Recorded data
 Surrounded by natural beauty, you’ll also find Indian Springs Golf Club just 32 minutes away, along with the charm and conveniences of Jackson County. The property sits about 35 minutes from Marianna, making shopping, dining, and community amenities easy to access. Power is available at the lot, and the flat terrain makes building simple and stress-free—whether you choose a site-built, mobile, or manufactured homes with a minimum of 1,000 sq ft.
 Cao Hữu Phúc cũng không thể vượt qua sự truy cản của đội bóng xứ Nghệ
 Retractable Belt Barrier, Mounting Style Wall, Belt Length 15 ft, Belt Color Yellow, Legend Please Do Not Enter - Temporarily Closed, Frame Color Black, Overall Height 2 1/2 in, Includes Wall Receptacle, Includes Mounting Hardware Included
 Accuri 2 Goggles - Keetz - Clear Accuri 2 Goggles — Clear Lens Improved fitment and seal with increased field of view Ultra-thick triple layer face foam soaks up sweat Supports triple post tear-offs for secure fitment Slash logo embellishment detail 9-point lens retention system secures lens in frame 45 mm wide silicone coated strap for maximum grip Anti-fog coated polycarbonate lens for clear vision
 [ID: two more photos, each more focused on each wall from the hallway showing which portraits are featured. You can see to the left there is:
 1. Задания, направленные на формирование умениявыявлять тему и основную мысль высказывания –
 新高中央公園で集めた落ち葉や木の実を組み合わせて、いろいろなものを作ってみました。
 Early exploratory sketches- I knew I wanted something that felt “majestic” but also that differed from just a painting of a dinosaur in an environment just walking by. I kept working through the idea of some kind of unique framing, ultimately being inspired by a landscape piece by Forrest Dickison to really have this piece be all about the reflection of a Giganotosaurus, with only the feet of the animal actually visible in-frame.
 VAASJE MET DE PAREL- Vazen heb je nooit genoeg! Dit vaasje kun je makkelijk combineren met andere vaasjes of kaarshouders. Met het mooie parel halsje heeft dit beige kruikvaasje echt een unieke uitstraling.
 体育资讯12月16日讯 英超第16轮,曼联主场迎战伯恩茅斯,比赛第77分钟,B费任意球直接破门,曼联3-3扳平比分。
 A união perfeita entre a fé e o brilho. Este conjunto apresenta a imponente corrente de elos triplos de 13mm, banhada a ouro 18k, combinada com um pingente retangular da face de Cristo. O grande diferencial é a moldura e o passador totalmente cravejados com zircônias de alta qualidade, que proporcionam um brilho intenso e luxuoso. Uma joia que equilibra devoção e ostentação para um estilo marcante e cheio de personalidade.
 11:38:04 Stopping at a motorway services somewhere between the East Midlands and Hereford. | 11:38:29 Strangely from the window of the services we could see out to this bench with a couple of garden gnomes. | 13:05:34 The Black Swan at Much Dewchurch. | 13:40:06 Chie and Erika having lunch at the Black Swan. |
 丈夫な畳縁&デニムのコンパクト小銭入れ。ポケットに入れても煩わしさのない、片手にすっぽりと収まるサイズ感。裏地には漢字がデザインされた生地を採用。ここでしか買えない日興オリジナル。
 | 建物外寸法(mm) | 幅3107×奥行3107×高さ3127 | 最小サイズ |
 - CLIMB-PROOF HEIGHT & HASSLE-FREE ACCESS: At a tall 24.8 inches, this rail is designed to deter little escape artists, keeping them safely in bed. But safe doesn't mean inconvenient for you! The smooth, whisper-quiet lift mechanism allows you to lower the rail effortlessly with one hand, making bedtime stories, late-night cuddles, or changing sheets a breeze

TASK BRIEF
Look through the records above for the string "Black", then copy every line that has it.

ANSWER TO THE EXERCISE
 Retractable Belt Barrier, Mounting Style Wall, Belt Length 15 ft, Belt Color Yellow, Legend Please Do Not Enter - Temporarily Closed, Frame Color Black, Overall Height 2 1/2 in, Includes Wall Receptacle, Includes Mounting Hardware Included
 11:38:04 Stopping at a motorway services somewhere between the East Midlands and Hereford. | 11:38:29 Strangely from the window of the services we could see out to this bench with a couple of garden gnomes. | 13:05:34 The Black Swan at Much Dewchurch. | 13:40:06 Chie and Erika having lunch at the Black Swan. |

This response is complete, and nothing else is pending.